Personius Letters (CL 105)


by Kimberly Richards,
former Chemung County Historical Society Archivist

CL 105, officially known as the Personius Brother’s Letters, offers researchers a rare glimpse into the lives of three brothers during the American Civil War.  Not only can researchers learn about the daily life of a soldier in the 50th New York Volunteer Engineers, or their duties while on assignment, but these three brothers also provide their thoughts on war and life at home.  These letters offer researchers a rare look into the personalities of siblings and how they related to their family, and each other, during a time of war.

Out of the 151 letters currently found in the Booth Library Collection (Chemung County Historical Society), Charles contributed the most with 99, Walker comes in second with 35 and Daniel contributed only 17.  All letters that appear in this article retain the original spelling however punctuation has been added to allow for readability.  More letters probably exist, especially when Walker and Charles both refer to letters they mailed home for dates not currently in the collection.  While all three sets have their own distinctive voice, Daniel’s letters probably provides the least information, because there are so few and because he enlisted late into the war.  

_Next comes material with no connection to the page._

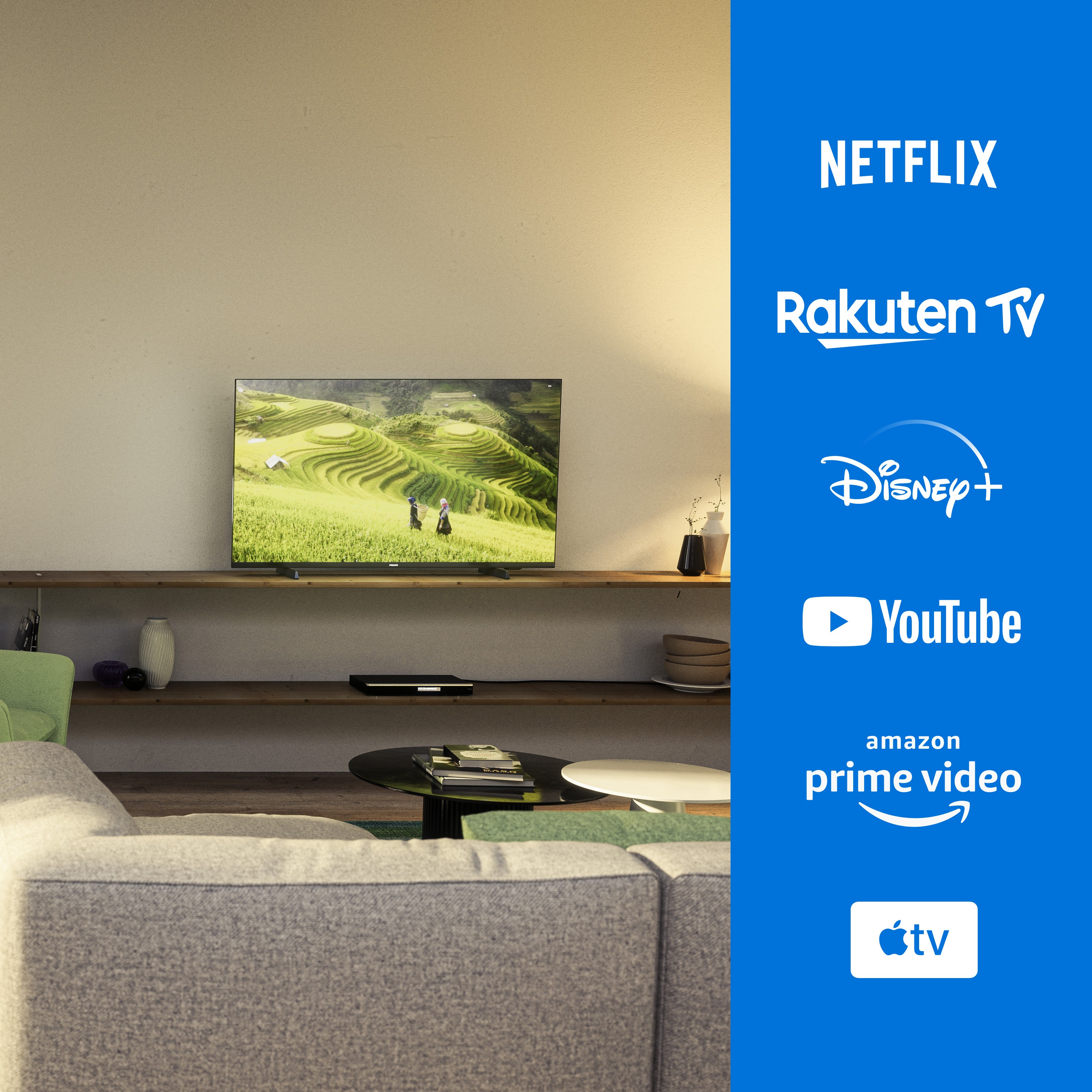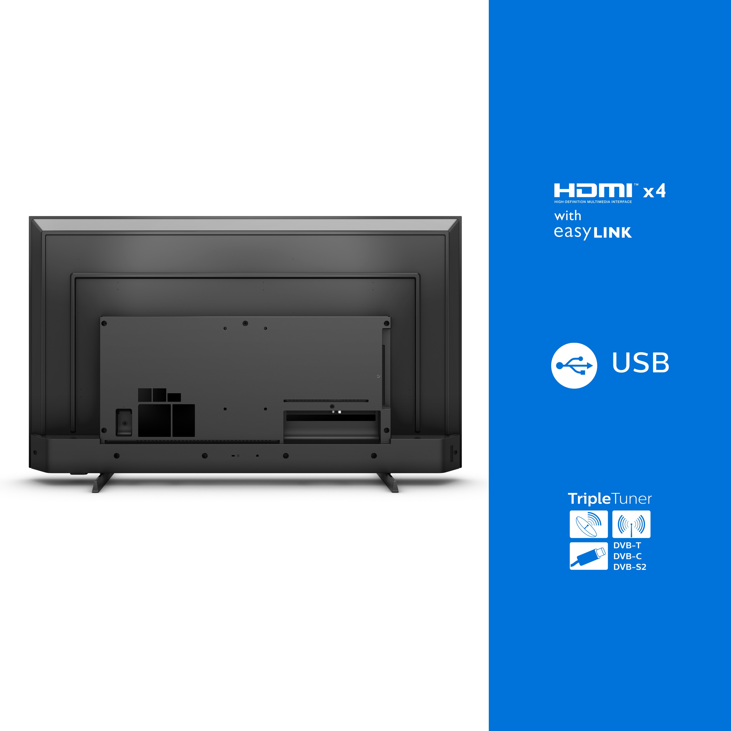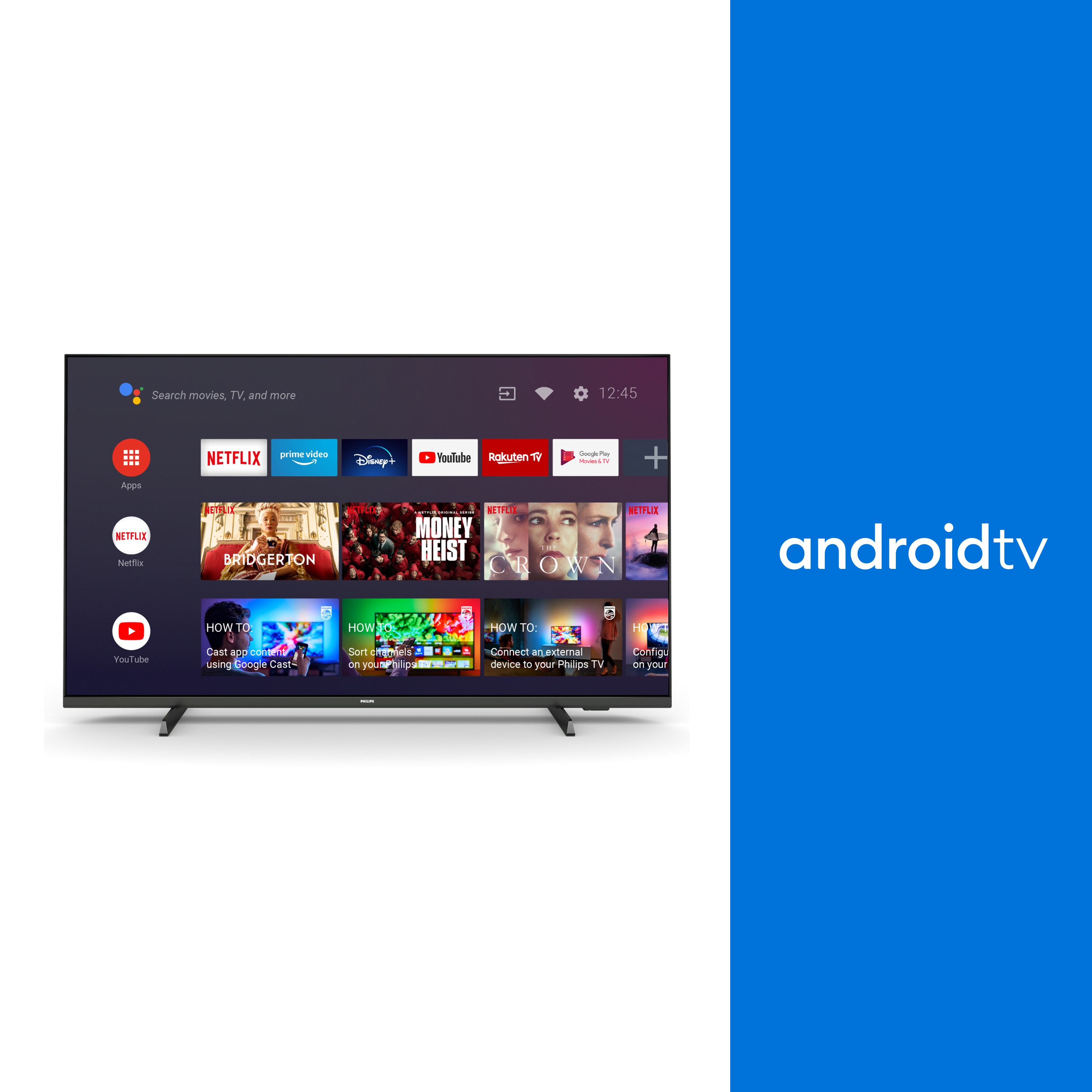 Immagini HDR vivaci. TV Philips UHD 4K. Il tuo TV Philips 4K UHD è compatibile con tutti i principali formati HDR, incluso Dolby Vision. Che si tratti di una serie imperdibile o di un nuovo videogioco, le ombre saranno più profonde, le superfici luminose brilleranno e i colori saranno più realistici. Audio e immagini come al cinema. Dolby Vision e Dolby Atmos Grazie all'eccellente supporto per audio e formati video Dolby, i contenuti HDR che guardi saranno davvero eccezionali. Potrai ammirare le immagini proprio come aveva immaginato il regista e sperimentare un audio ampio con chiarezza e profondità reali. Semplicemente smart. TV Android. Il tuo TV Philips Android ti offre i contenuti che desideri, quando vuoi. Puoi personalizzare la schermata principale per visualizzare le tue app preferite, semplificando la riproduzione in streaming dei film e dei programmi che ami, oppure riprenderli da dove hai lasciato. Ottimo per il gaming. Bassa latenza su qualsiasi console. Il TV Philips offre la connettività HDMI più recente e passa automaticamente a un'impostazione a bassa latenza quando inizi a giocare sulla console. Controllo vocale. Assistente Google. Compatibile con Alexa. Premi un pulsante sul telecomando per parlare con l'Assistente Google. Controlla con la tua voce il TV o i dispositivi domestici smart compatibili con Assistente Google. Oppure chiedi ad Alexa di controllare il TV tramite i dispositivi compatibili con Alexa. Design sottile e accattivante Cerchi un TV che si adatti alla tua stanza? Questo smart TV 4K è quello che fa per te! Lo schermo praticamente privo di cornice si abbina a qualunque tipo di arredamento, mentre con i piedini sottili lo schermo sembra galleggiare sopra l'unità o il tavolo della TV.

Walker V., Charles W., and Daniel V. were born in Tompkins County to William and Julia Personius.  Walker, the oldest, was born in 1836, Charles was born in 1840 and Daniel followed in 1846.  Walker enlisted on August 22, 1861 in Millport, New York, he was 25 years old.  On September 16, 1861, he signed the Muster-In Roll for Company G, 50th Regiment, N. Y .S. V. and became the Company’s captain.[1]  Charles followed his brother a year later and enlisted as a private on August 25, 1862 in Millport, New York at the age of 22.  Daniel enlisted as a private at the age of 18 on January 21, 1864, almost nine months to the day before Walker Mustered-Out on September 20, 1864.  Both Charles and Daniel finished out the war together, and Mustered-Out on June 13, 1865 in Fort Barry, Virginia.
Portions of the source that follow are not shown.